What you need to do –
When copying the entries below, leave out every picture and keep the rest exact.

====== Working data

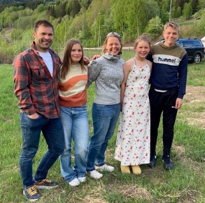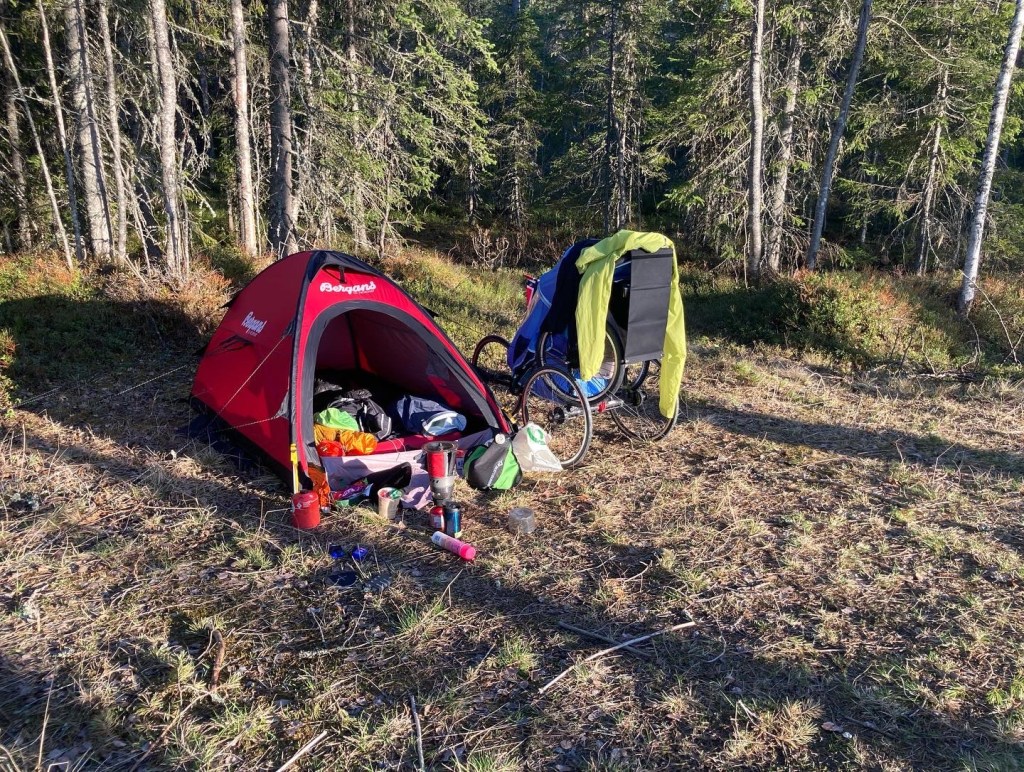 Like før Ringebu gav jeg meg for dagen og fant en fin plass mellom E6 og Gudbrandsdalslågen. Nye 60 km var løpt. Mens jeg slo opp teltet kom plutselig en bil inn på jordet hvor jeg holdt på. Det var Cathrine og Jon Bjarne Onsøien med barn og hunder på vei til konfirmasjon i Trøndelag. De er formann i henholdsvis Paragruppa og Skigruppa i Gjerpen IF, der jeg selv er formann i Friidrettsgruppa. De hadde peilet meg inn via trackeren jeg hadde på vogna. Veldig koselig besøk. Av ungene fikk jeg en stor pose seigmenn 🙂
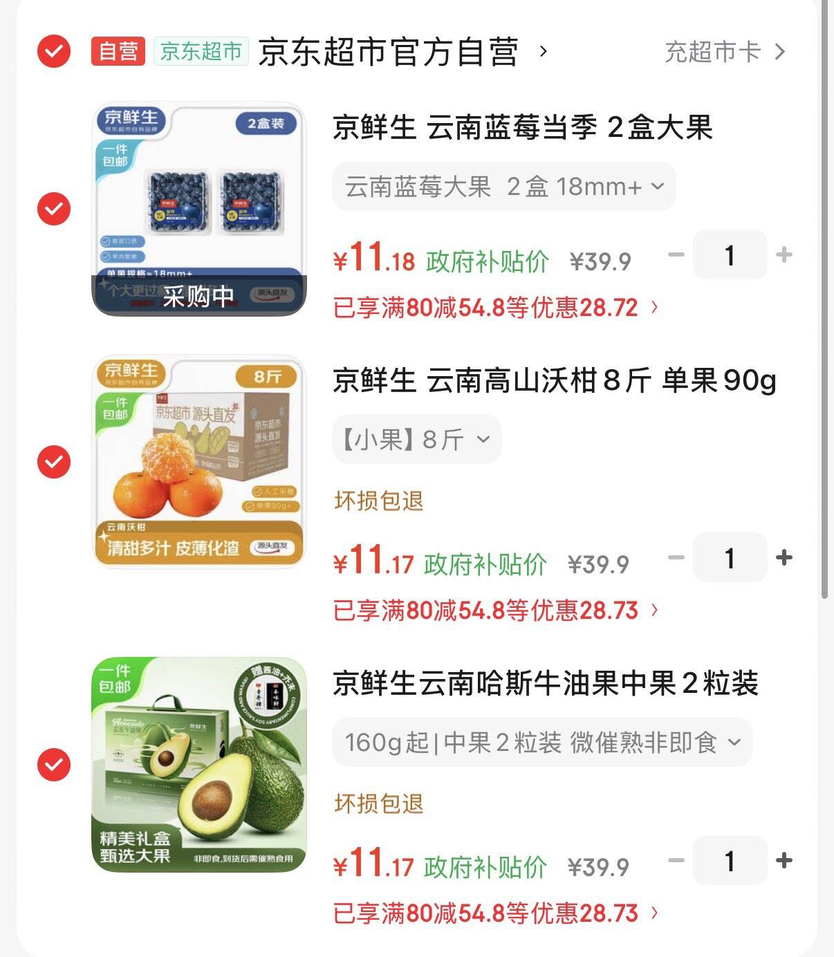 水果各拍1件凑后折11.1亓/件
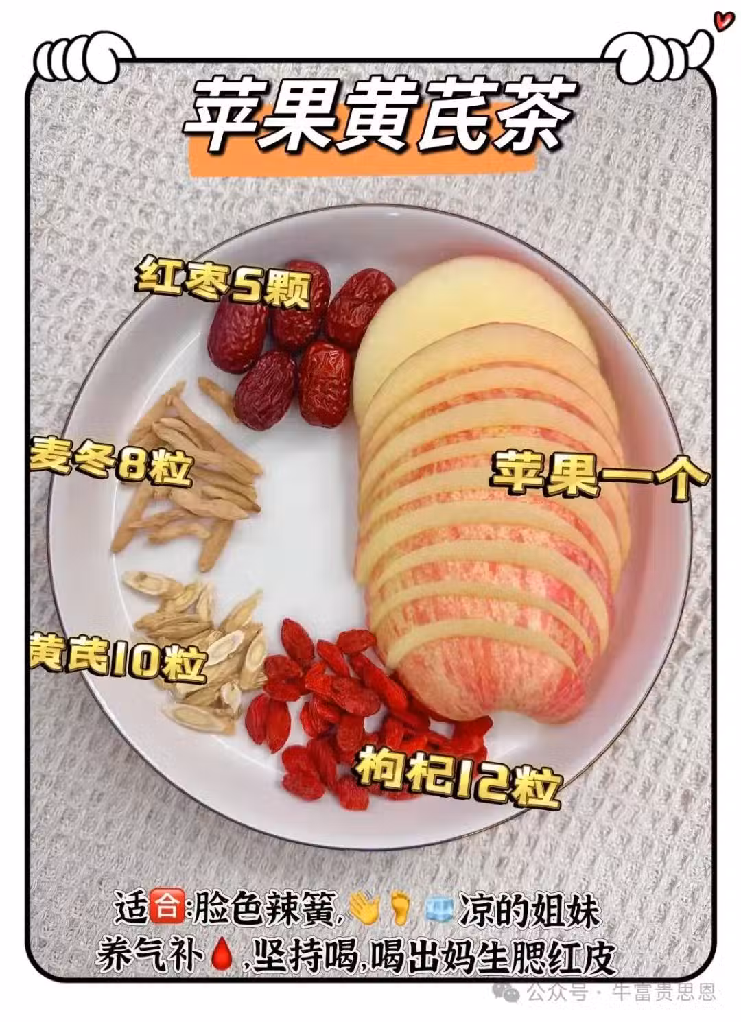 黃芪是常見中藥材,有補氣固表等功效;蘋果香甜富含維生素;紅棗可補氣養血;麥冬能養陰潤肺;枸杞滋補肝腎。
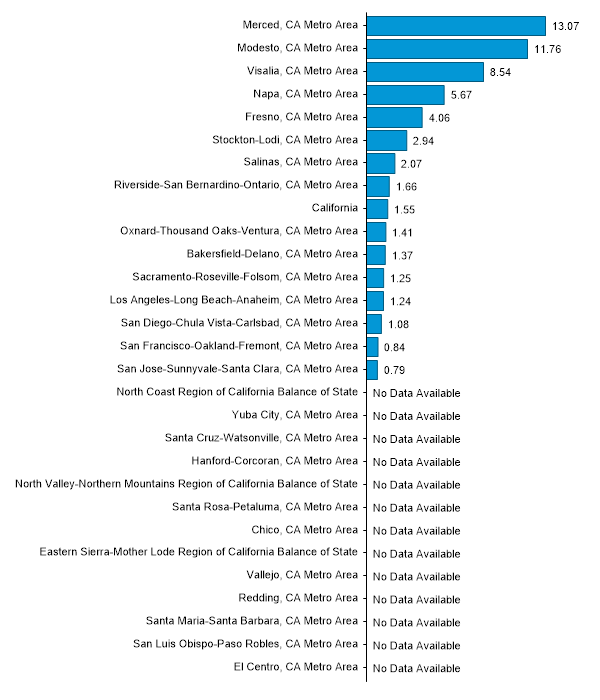 Employment Concentration of Cleaning, Washing, and Metal Pickling Equipment Operators and Tenders in California
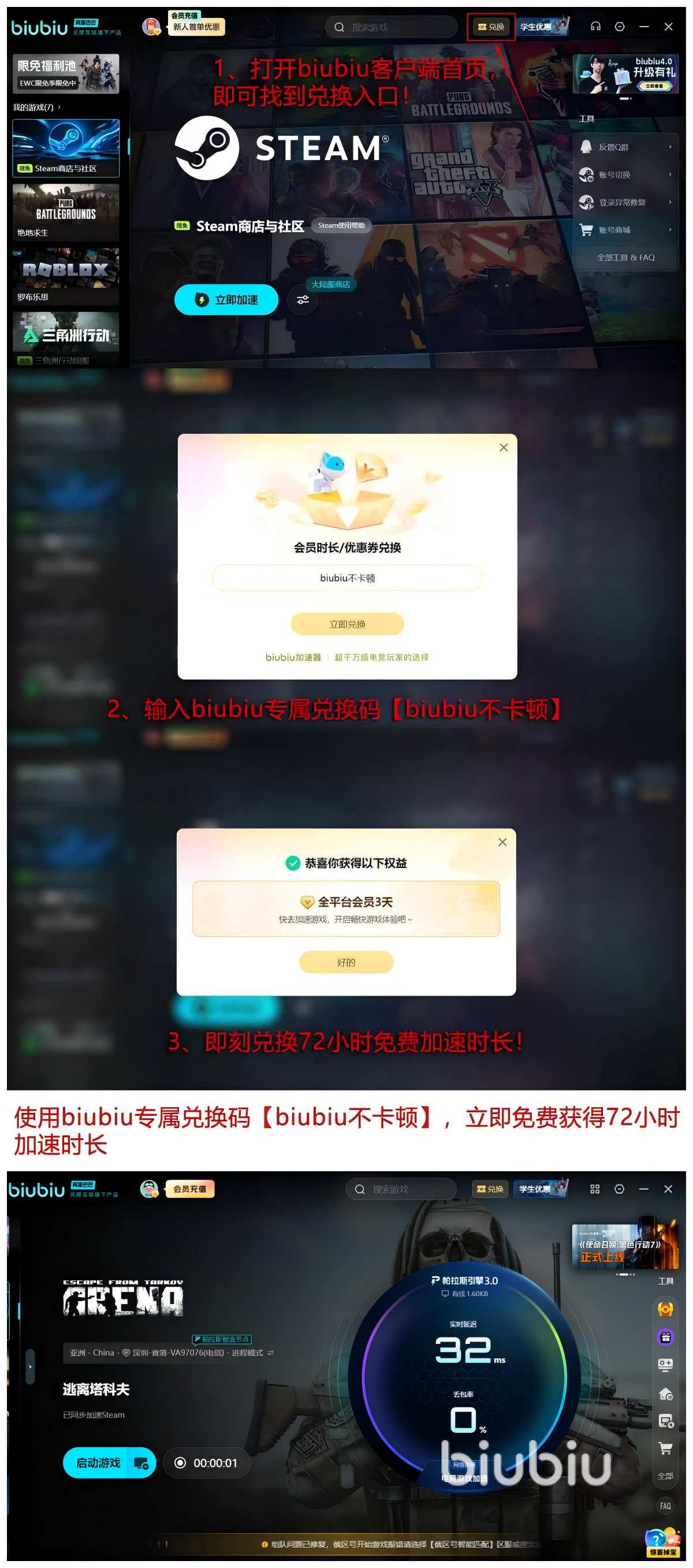 【biubiu不卡顿】的口令兑换72h免费时间,累计新用户的24h,总计获取96h。这些时间对于很多玩家来说是一次感受biubiu加速度效果的机会,在加速的时候能够快速的增加游戏稳定性,在和其他服务器的玩家联机的时候几乎没有卡顿的发生。
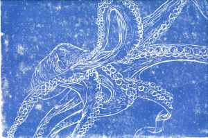 This octopus is based on the smaller octopus (4×6). Not pictured here is the mistake I made in deciding that I also wanted this image to have a white background. It didn’t look as good, and it took forever to carve out all of that space on the block. Live and learn.

============

Result below –
 Like før Ringebu gav jeg meg for dagen og fant en fin plass mellom E6 og Gudbrandsdalslågen. Nye 60 km var løpt. Mens jeg slo opp teltet kom plutselig en bil inn på jordet hvor jeg holdt på. Det var Cathrine og Jon Bjarne Onsøien med barn og hunder på vei til konfirmasjon i Trøndelag. De er formann i henholdsvis Paragruppa og Skigruppa i Gjerpen IF, der jeg selv er formann i Friidrettsgruppa. De hadde peilet meg inn via trackeren jeg hadde på vogna. Veldig koselig besøk. Av ungene fikk jeg en stor pose seigmenn 🙂
 水果各拍1件凑后折11.1亓/件
 黃芪是常見中藥材,有補氣固表等功效;蘋果香甜富含維生素;紅棗可補氣養血;麥冬能養陰潤肺;枸杞滋補肝腎。
 Employment Concentration of Cleaning, Washing, and Metal Pickling Equipment Operators and Tenders in California
 【biubiu不卡顿】的口令兑换72h免费时间,累计新用户的24h,总计获取96h。这些时间对于很多玩家来说是一次感受biubiu加速度效果的机会,在加速的时候能够快速的增加游戏稳定性,在和其他服务器的玩家联机的时候几乎没有卡顿的发生。
 This octopus is based on the smaller octopus (4×6). Not pictured here is the mistake I made in deciding that I also wanted this image to have a white background. It didn’t look as good, and it took forever to carve out all of that space on the block. Live and learn.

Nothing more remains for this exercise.